- Task -
Repeat nothing but the line that contains "양측은 28일 BNK부산은행" and the lines after it, through the end of the listing, exactly as they stand; omit pictures.

▬▬▬

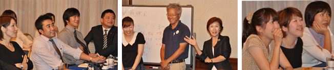 職種、年代も異なる男女が和気あいあいとした雰囲気で、食事を共にし語り合いながら「母性型原理」を学び合っています。
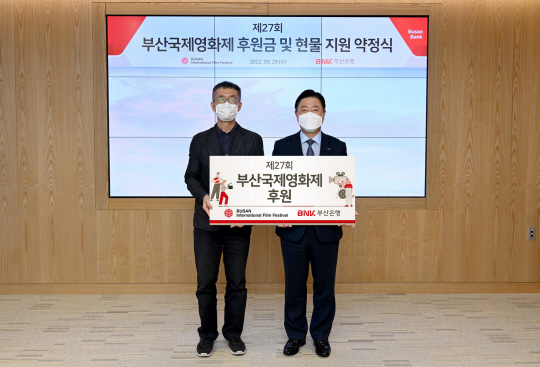 양측은 28일 BNK부산은행 본점에서 제27회 부산국제영화제 후원금 약정을 체결했다. 약정식에는 부산국제영화제 허문영 집행위원장과 오석근 아시아콘텐츠&필름마켓 운영위원장이 참석했다. 이에 따라 부산은행은 올해도 부산국제영화제의 골드 스폰서로 참여하게 됐다.
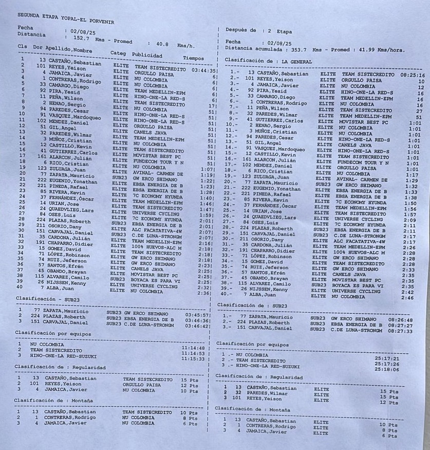 Resultados etapa2 Vuelta a Colombia:
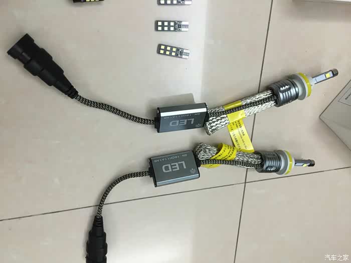 拆开包装后,两个灯,分别是LED远光和近光,一开始我以为都是一样的,仔细看看才知道,接口不一样。
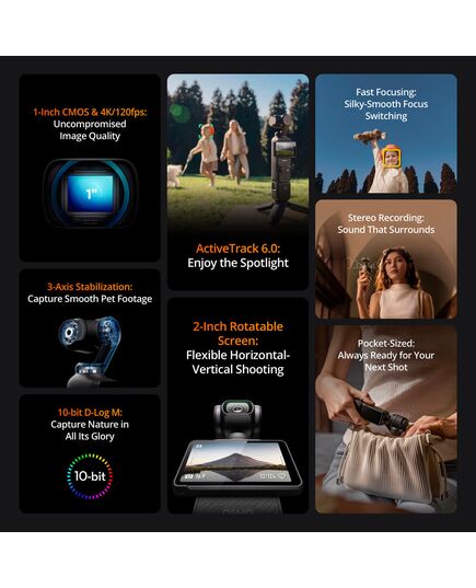 Совершенно новый DJI Osmo Pocket 3 — это мощная карманная видеокамера, которая переосмысливает возможности креативной съемки. Благодаря крупному сенсору, интеллектуальным режимам и усовершенствованной стабилизации он превращает любое мгновение в кинематографичное произведение.

▬▬▬

- Answer box -
 양측은 28일 BNK부산은행 본점에서 제27회 부산국제영화제 후원금 약정을 체결했다. 약정식에는 부산국제영화제 허문영 집행위원장과 오석근 아시아콘텐츠&필름마켓 운영위원장이 참석했다. 이에 따라 부산은행은 올해도 부산국제영화제의 골드 스폰서로 참여하게 됐다.
 Resultados etapa2 Vuelta a Colombia:
 拆开包装后,两个灯,分别是LED远光和近光,一开始我以为都是一样的,仔细看看才知道,接口不一样。
 Совершенно новый DJI Osmo Pocket 3 — это мощная карманная видеокамера, которая переосмысливает возможности креативной съемки. Благодаря крупному сенсору, интеллектуальным режимам и усовершенствованной стабилизации он превращает любое мгновение в кинематографичное произведение.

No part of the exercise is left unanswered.